-- EXERCISE BRIEF --
Take the entries that follow and return only the lines from the one with "Girolamo Cardinal Rusticucci, with" through the final line, leaving every picture behind.

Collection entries
---

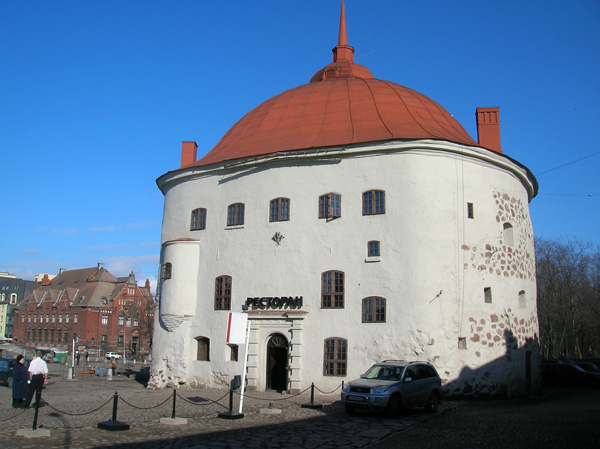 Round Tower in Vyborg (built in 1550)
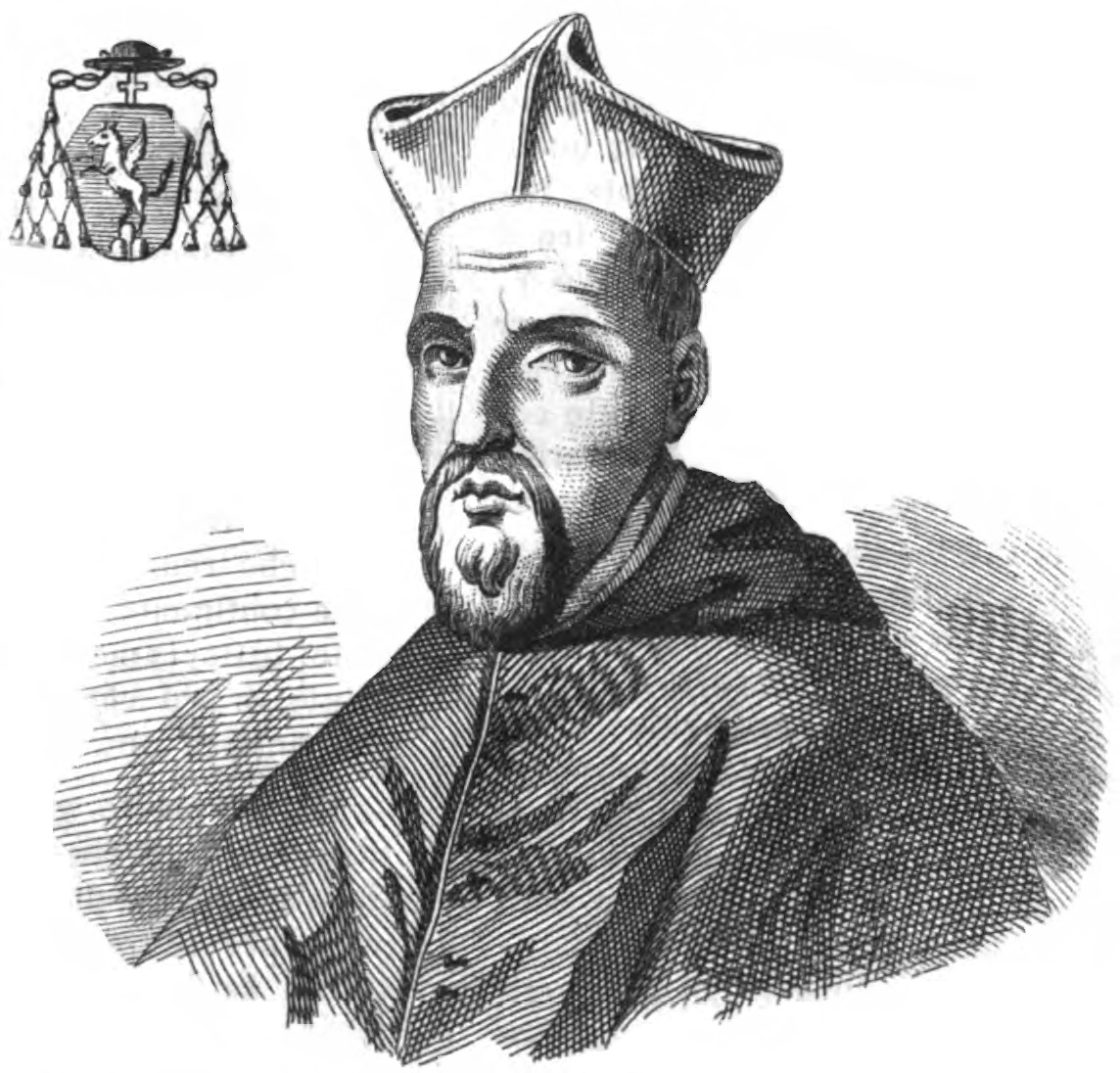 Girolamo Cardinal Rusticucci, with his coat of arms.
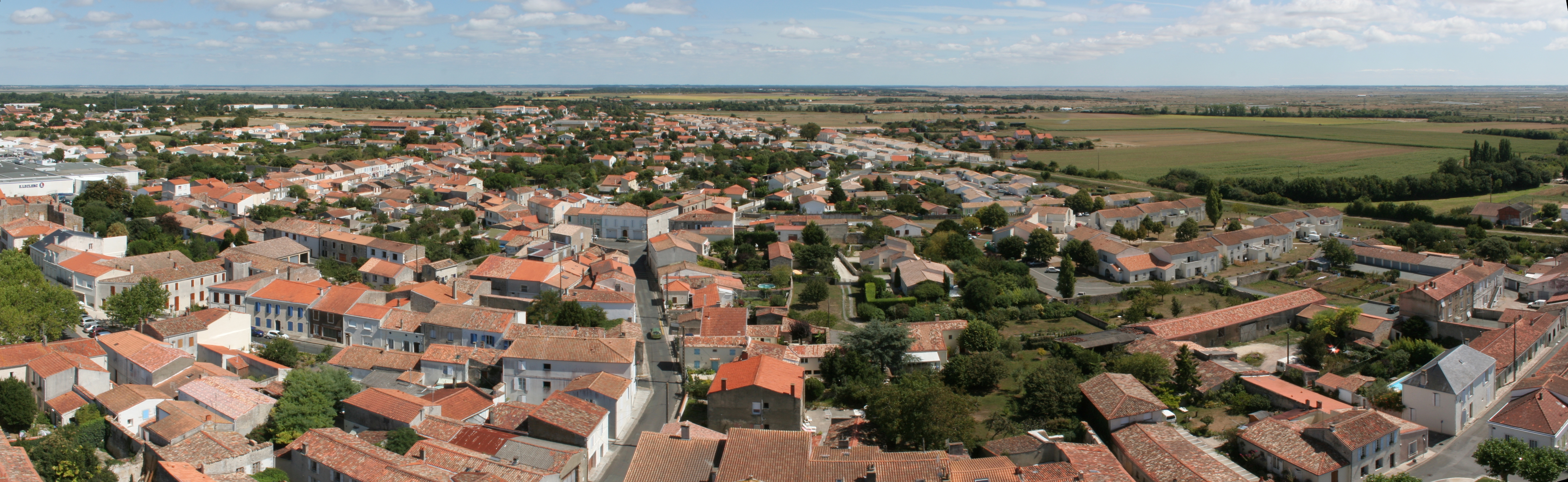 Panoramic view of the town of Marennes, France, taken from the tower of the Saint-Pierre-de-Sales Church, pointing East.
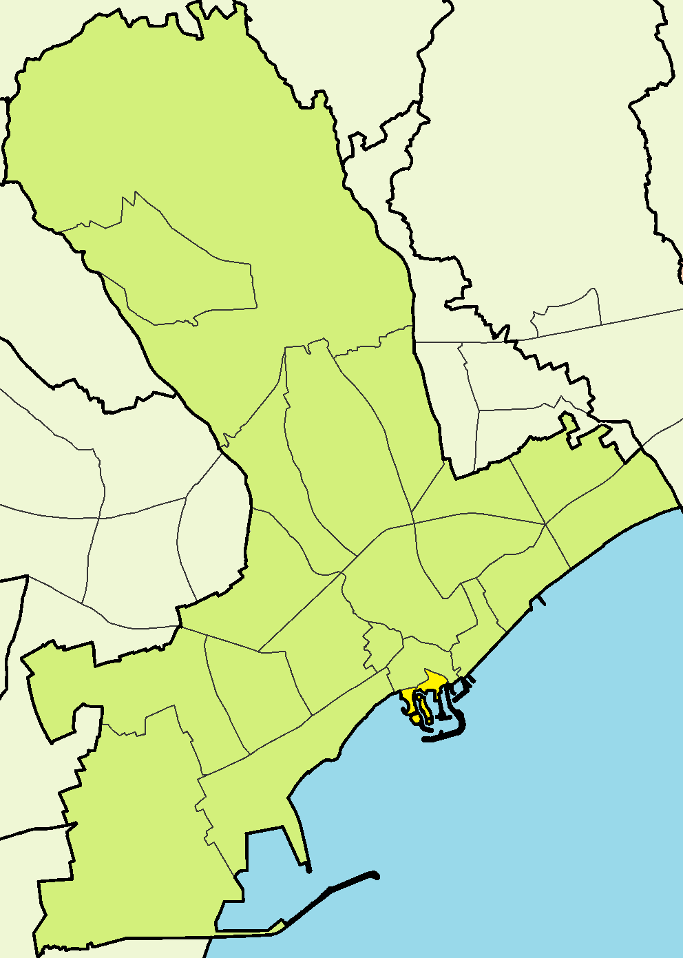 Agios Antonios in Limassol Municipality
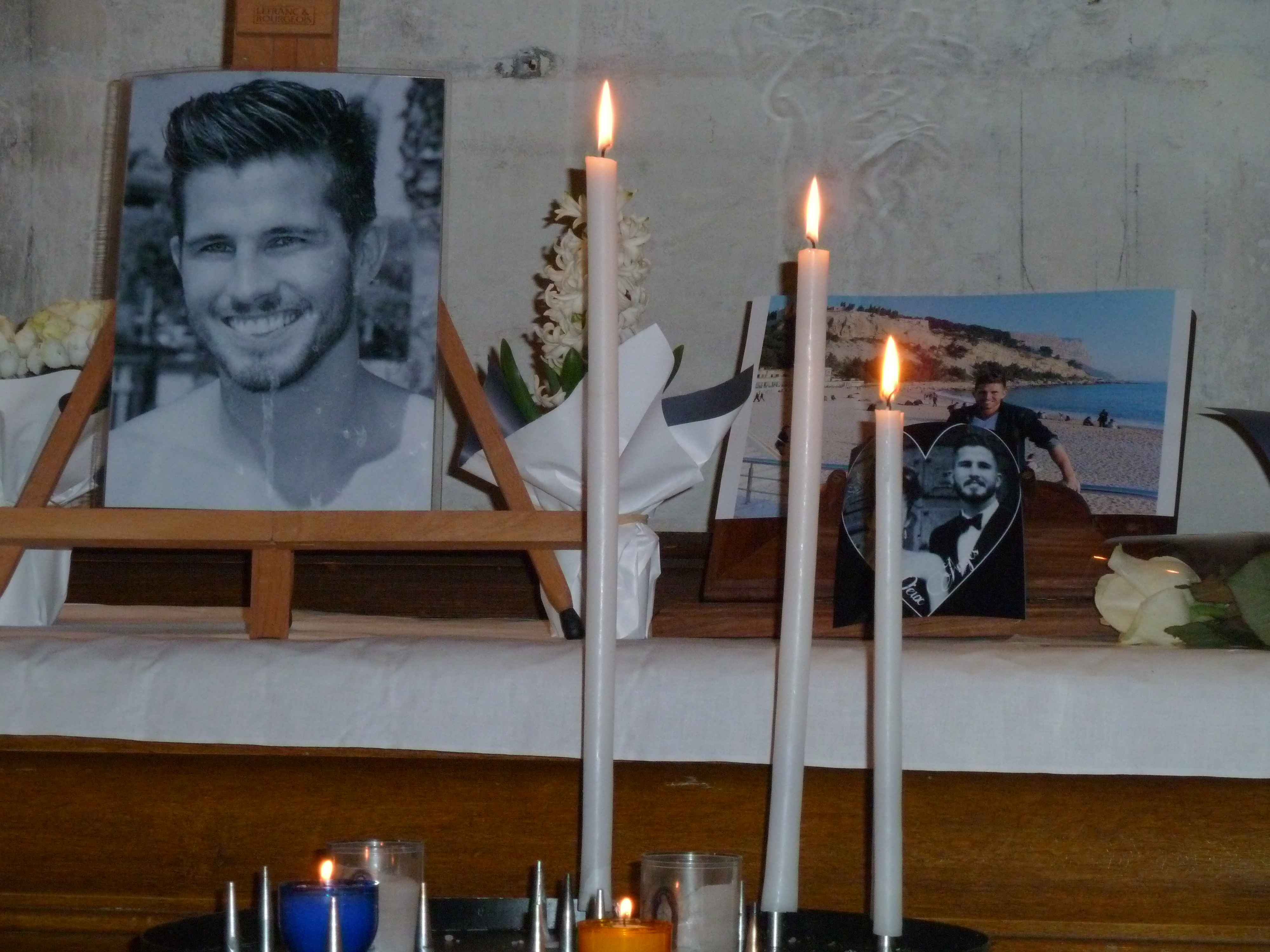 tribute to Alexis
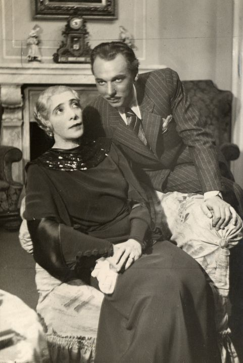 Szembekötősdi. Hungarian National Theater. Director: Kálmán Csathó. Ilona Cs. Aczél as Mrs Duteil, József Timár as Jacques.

---

-- ANSWER FOR THIS EXERCISE --
 Girolamo Cardinal Rusticucci, with his coat of arms.
 Panoramic view of the town of Marennes, France, taken from the tower of the Saint-Pierre-de-Sales Church, pointing East.
 Agios Antonios in Limassol Municipality
 tribute to Alexis
 Szembekötősdi. Hungarian National Theater. Director: Kálmán Csathó. Ilona Cs. Aczél as Mrs Duteil, József Timár as Jacques.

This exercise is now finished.